The implicit assumption is that you can get a technological transplant without getting at the same time an ideological transplant; that technolog y is ideologically neutral; that you acquire the hardware without the software that lies behind it, has made the hardware possible, and keeps it moving.

I think it is worth attempting to see whether technology and technocracy can be disengaged from each other, and it would also be worth investigating the possibility of modern, technologically intensive work becoming ‘good work’ in Schumacher’s terms. To do this, let us first investigate the existential condition associated with ennobling work.

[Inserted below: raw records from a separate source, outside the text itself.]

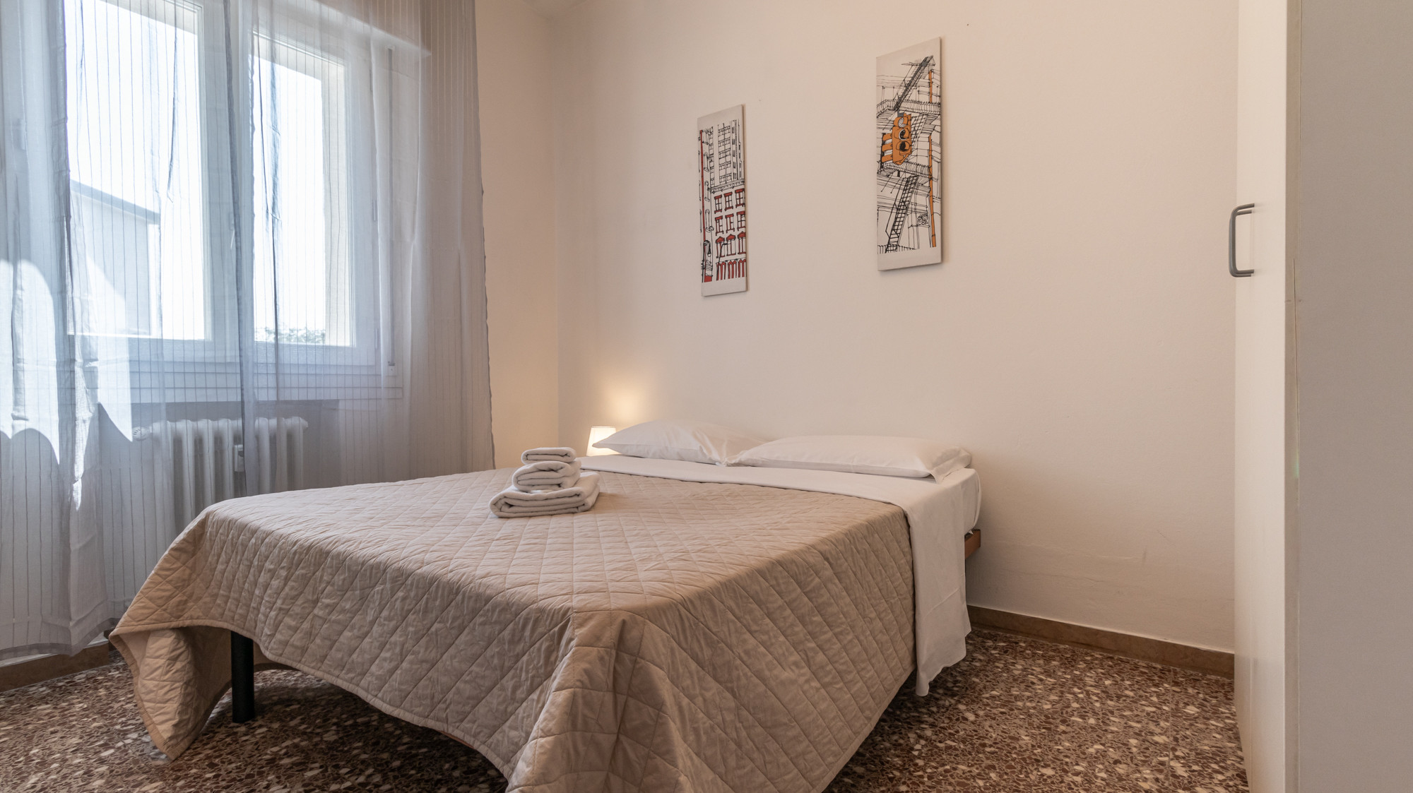 Confortevole camera matrimoniale ad uso singola, con tv e wi-fi, in appartamento posto al 5° piano con ascensore adiacente alla stazione centrale dei treni di Modena.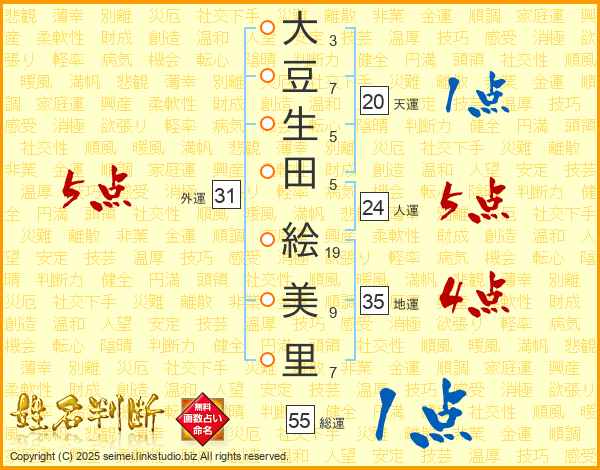 大(3画)豆(7画)生(5画)田(5画) 絵(19画)美(9画)里(7画)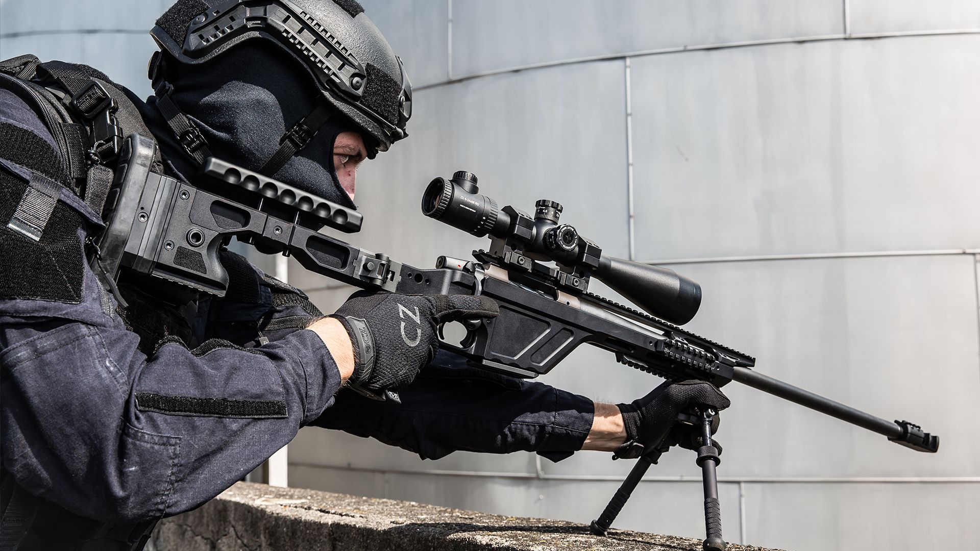 Pažba z vysoce odolné hliníkové slitiny 7075 T6 je opatřena ergonomicky přívětivou sklopnou ramenní opěrou originální konstrukce. Směr sklápění opěry je možné nastavit podle potřeb mise. Lícnice je výškově stavitelná, botku lze nastavit výškově i délkově a uživatel si může určit úhel jejího stranového vyklonění.

If we refer back to the Three Attentions, clearly work can only really be done under a second or third attention. The person in the first attention does not work, but insists that others work for him. In the second attention work is not an end in itself, but is done to achieve some outer reward. In essence, this is the status of the employee, because the employment relationship, by definition, is a conditional trade of effort for money. Technocratic work falls in this category. It is about maximising efficiencies and continuously trying to get more for less. This means that technocratic work is basically malevolent. The status of the self is one that says that the other is there to serve the self. “The world is a resource that I will use to suit my purpose. I change it to fit me.”

When the self has this view, the consequences for both the self and the other are disastrous. If you consistently exploit the other to suit your purpose, you will destroy it. The very nature of using a resource is that, when you use it, you use it up. In so far as life is supposed to be an unfolding journey, attempting to change the world so that the self does not have to change ossifies the self. You literally get off the bus of your life. This is the essence of what the Faustian trade-off is. Technocratic work is therefore fundamentally destructive, both to the inner and outer realities of man.